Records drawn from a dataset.
>>>>
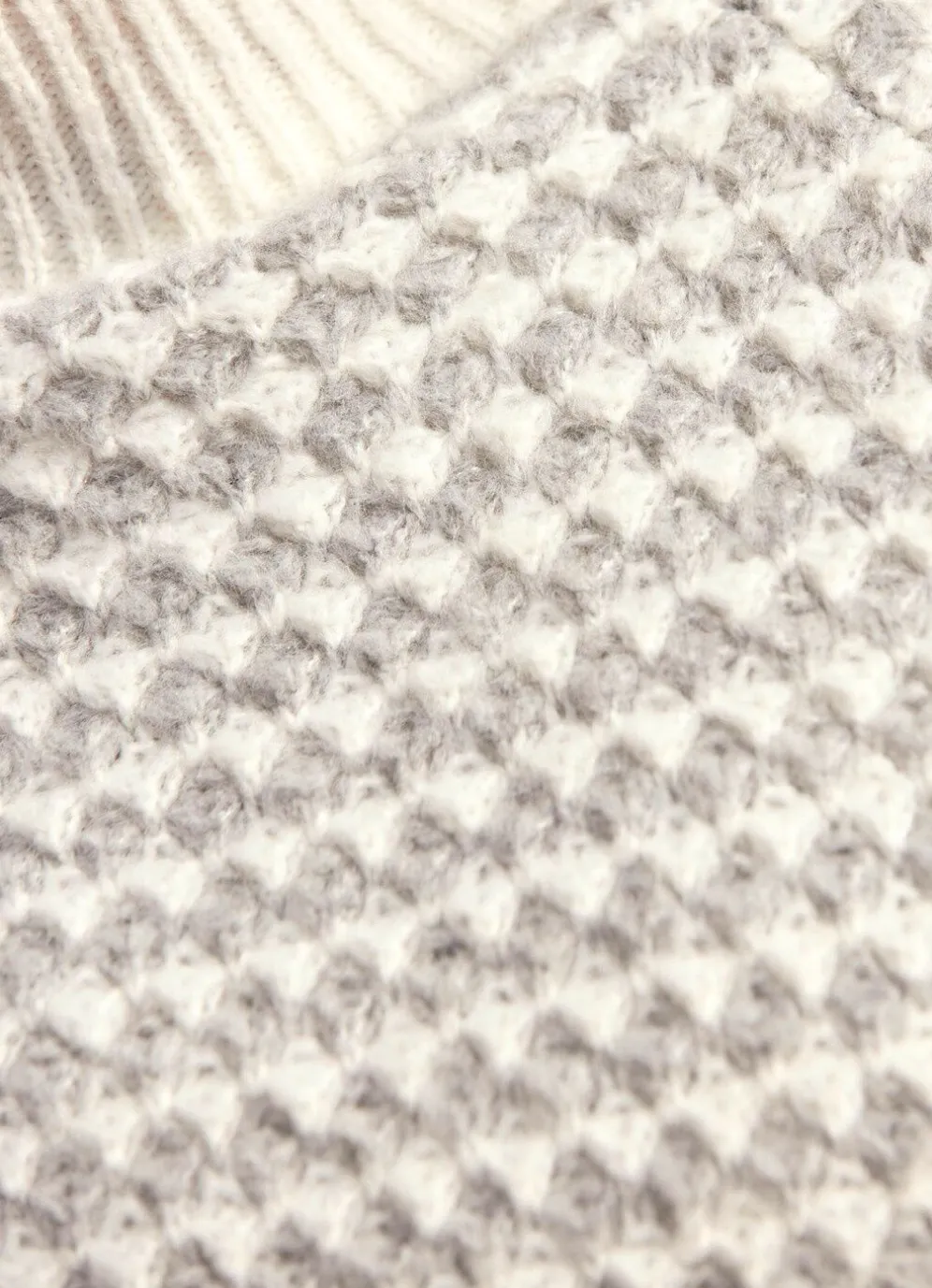 Flauschig weicher Pullover von laurakent in Ecru-Hellgrau meliert mit Stehbund, aufwendigem, plastischem Strukturmuster allover, langen Raglanärmeln sowie gerippten Abschlüssen mit dezentem Ajourmuster.
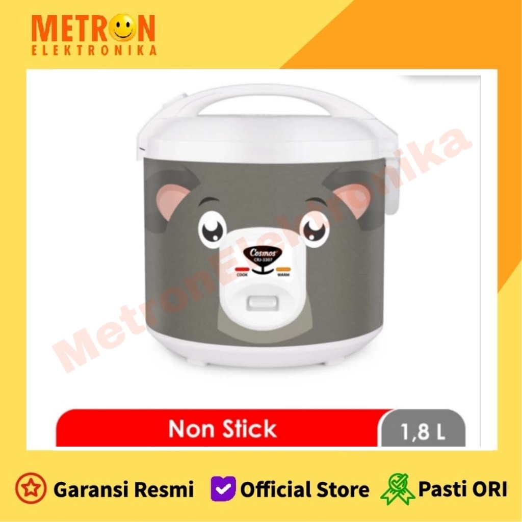 Rice Cooker Cosmos dengan Inner Pan Non Stick Coating yang anti lengket berkapasitas 1.8 Liter. Dengan fungsi 3in1 dapat digunakan untuk memasak, menghangatkan serta mengukus.
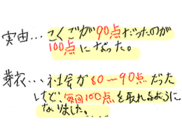 実由・・・こくごが90点だったのが100点になった。 芽衣・・・社会が80~90点だったけど、毎回100点取れるようになりました。
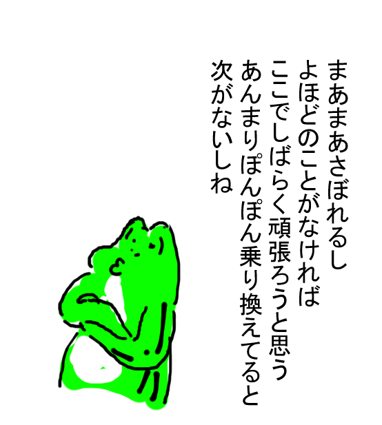 でも考えても仕方ないので、とりあえずしばらくはここで頑張ろうと現時点では考えてます
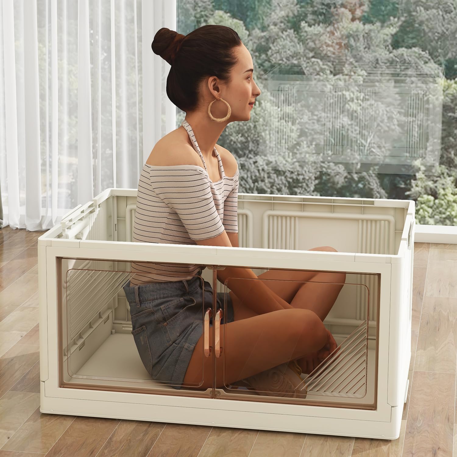 - 【Two Opening Ways】These collapsible storage bins offer two convenient ways to access your closet storage. You have the choice of lifting the top lid for storing bulky items or opening the front door for easy access to frequently used items. This dual-access design provides versatility and ensures that you can organize and retrieve your belongings efficiently according to your needs.
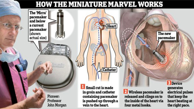نجح أطباء في زراعة جهاز لاسلكي بحجم حبة دواء صغيرة داخل قلب مريض بريطاني لأول مرة في العالم لتنظيم ضربات قلبه، ووُصفت العملية الجراحية بأنها "حدث تاريخي" يمكن أن تُحدث ثورة في علاج مشكلات القلب، وتُنهي مخاطر أجهزة تنظيم نبضات القلب السلكية التقليدية، والجهاز من تصنيع الشركة الأمريكية "ميدترونيك".
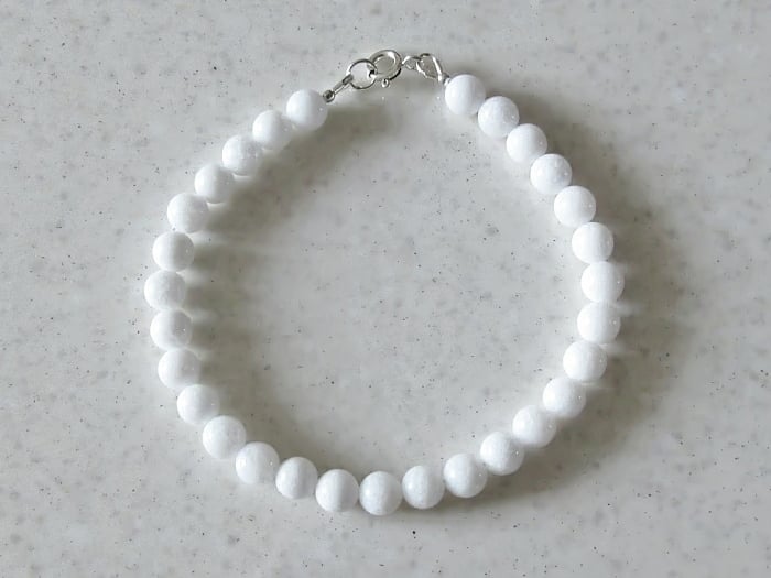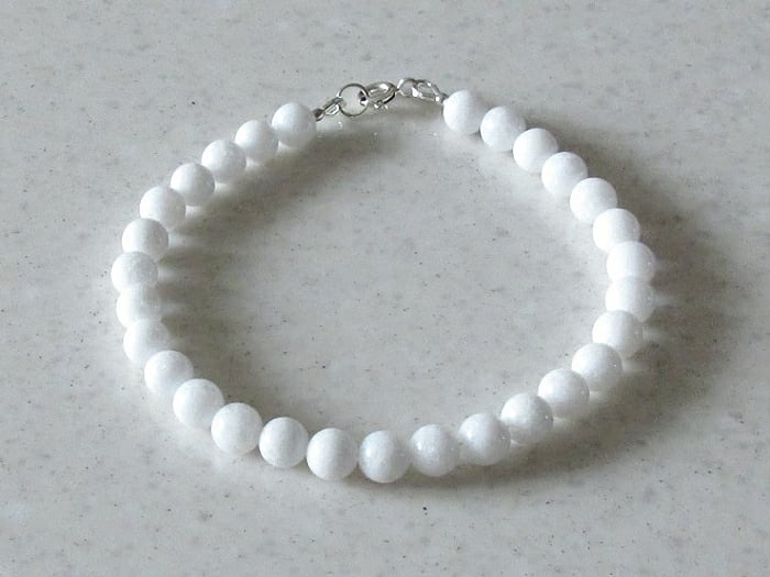 For this slim stacking bracelet I chose bright white Agate 6mm round beads.
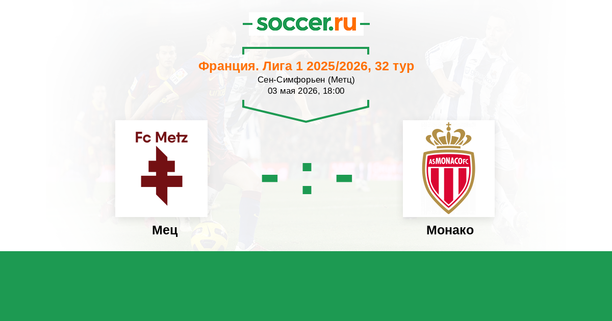 Франция. Лига 1 03.04.2022 Мец Логотип футбольный клуб Мец 1:2 Логотип футбольный клуб Монако Монако
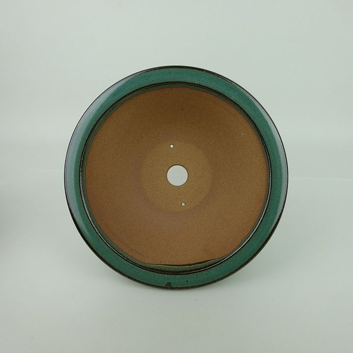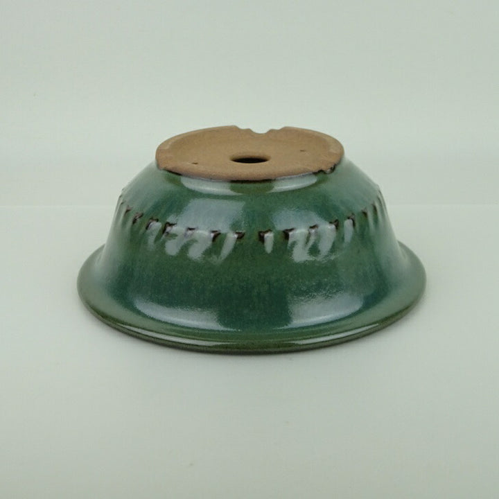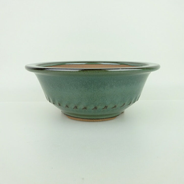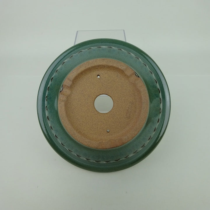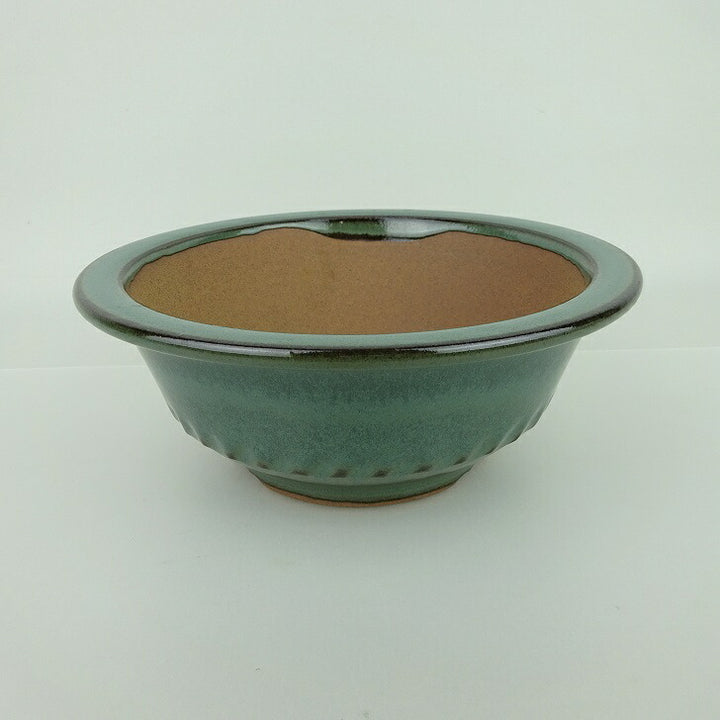 盆栽鉢 小石原焼 小型 長辺 約18.3cm 丸鉢 外縁 緑釉 釉薬 観賞用 新品 1198409558
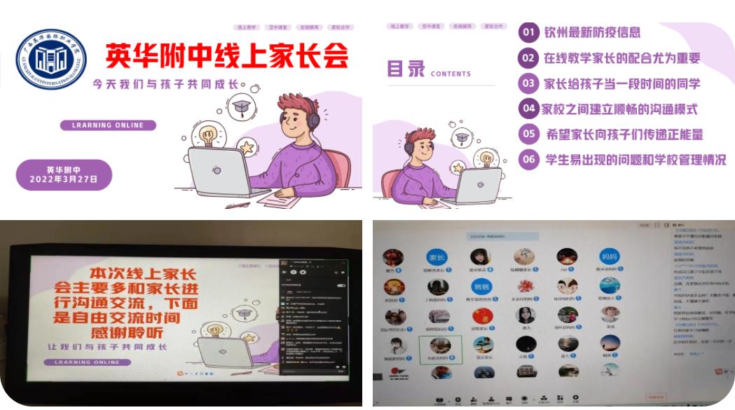 在疫情的考验下,我校师生上下一心、齐心协力迎接挑战、克服困难,在抗击疫情的同时有条不紊的开展各种教学活动,为增强学校、教师、家长之间的沟通,让家长朋友们充分了解疫情期间子女在校学习、生活、纪律情况,从而让家长和学生更好地配合学校开展教育和防疫工作,形成有效的“家校共育”教育格局,共同促进学生健康成长,我校于2022年3月27日召开了主题为“疫情期间,让我们与学生共同成长”的线上家长会。
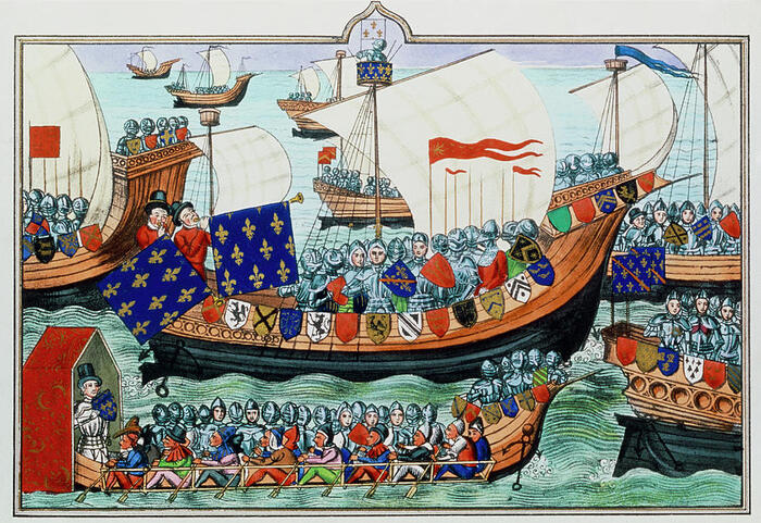К следующему утру участников похода значительно поубавилось. Но это было к лучшему, оставшиеся сносно разместились на кораблях, очистив свои ряды от малодушных. Кораблей было семь. Согласно хроникам, крупный корабль того времени мог вместить до семисот рыцарей. Таким образом, мы с достаточным основанием можем предполагать, что детей помещалось на каждый корабль не меньше. Значит, корабли приняли около пяти тысяч ребят. С ними было не менее четырехсот священников и монахов.
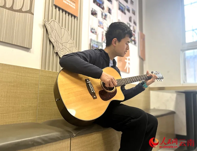 吉他弦颤动的瞬间,19岁的辰辰垂下眼帘,手指在琴颈上灵巧跃动,清澈的音符如溪流般静静流淌。
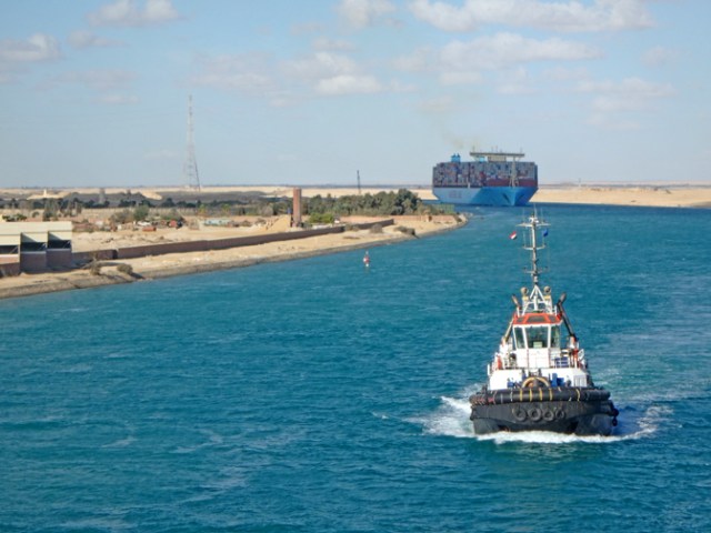 Cruising through the Suez Canal is a unique experience. It’s mostly a narrow waterway where ships follow one another through in a line, each escorted by a tug. A new part wide enough for two-way traffic allows ships to pass one another in that section, increasing the amount of ships that can pass through the canal in a day. One side of the canal has much more greenery and life than the other, which is mostly desert sand.
<<<<
Problem statement. Each record above is to be returned unchanged, while any picture it holds stays out.

Problem solution.
 Flauschig weicher Pullover von laurakent in Ecru-Hellgrau meliert mit Stehbund, aufwendigem, plastischem Strukturmuster allover, langen Raglanärmeln sowie gerippten Abschlüssen mit dezentem Ajourmuster.
 Rice Cooker Cosmos dengan Inner Pan Non Stick Coating yang anti lengket berkapasitas 1.8 Liter. Dengan fungsi 3in1 dapat digunakan untuk memasak, menghangatkan serta mengukus.
 実由・・・こくごが90点だったのが100点になった。 芽衣・・・社会が80~90点だったけど、毎回100点取れるようになりました。
 でも考えても仕方ないので、とりあえずしばらくはここで頑張ろうと現時点では考えてます
 - 【Two Opening Ways】These collapsible storage bins offer two convenient ways to access your closet storage. You have the choice of lifting the top lid for storing bulky items or opening the front door for easy access to frequently used items. This dual-access design provides versatility and ensures that you can organize and retrieve your belongings efficiently according to your needs.
نجح أطباء في زراعة جهاز لاسلكي بحجم حبة دواء صغيرة داخل قلب مريض بريطاني لأول مرة في العالم لتنظيم ضربات قلبه، ووُصفت العملية الجراحية بأنها "حدث تاريخي" يمكن أن تُحدث ثورة في علاج مشكلات القلب، وتُنهي مخاطر أجهزة تنظيم نبضات القلب السلكية التقليدية، والجهاز من تصنيع الشركة الأمريكية "ميدترونيك".
 For this slim stacking bracelet I chose bright white Agate 6mm round beads.
 Франция. Лига 1 03.04.2022 Мец Логотип футбольный клуб Мец 1:2 Логотип футбольный клуб Монако Монако
 盆栽鉢 小石原焼 小型 長辺 約18.3cm 丸鉢 外縁 緑釉 釉薬 観賞用 新品 1198409558
 在疫情的考验下,我校师生上下一心、齐心协力迎接挑战、克服困难,在抗击疫情的同时有条不紊的开展各种教学活动,为增强学校、教师、家长之间的沟通,让家长朋友们充分了解疫情期间子女在校学习、生活、纪律情况,从而让家长和学生更好地配合学校开展教育和防疫工作,形成有效的“家校共育”教育格局,共同促进学生健康成长,我校于2022年3月27日召开了主题为“疫情期间,让我们与学生共同成长”的线上家长会。
К следующему утру участников похода значительно поубавилось. Но это было к лучшему, оставшиеся сносно разместились на кораблях, очистив свои ряды от малодушных. Кораблей было семь. Согласно хроникам, крупный корабль того времени мог вместить до семисот рыцарей. Таким образом, мы с достаточным основанием можем предполагать, что детей помещалось на каждый корабль не меньше. Значит, корабли приняли около пяти тысяч ребят. С ними было не менее четырехсот священников и монахов.
 吉他弦颤动的瞬间,19岁的辰辰垂下眼帘,手指在琴颈上灵巧跃动,清澈的音符如溪流般静静流淌。
 Cruising through the Suez Canal is a unique experience. It’s mostly a narrow waterway where ships follow one another through in a line, each escorted by a tug. A new part wide enough for two-way traffic allows ships to pass one another in that section, increasing the amount of ships that can pass through the canal in a day. One side of the canal has much more greenery and life than the other, which is mostly desert sand.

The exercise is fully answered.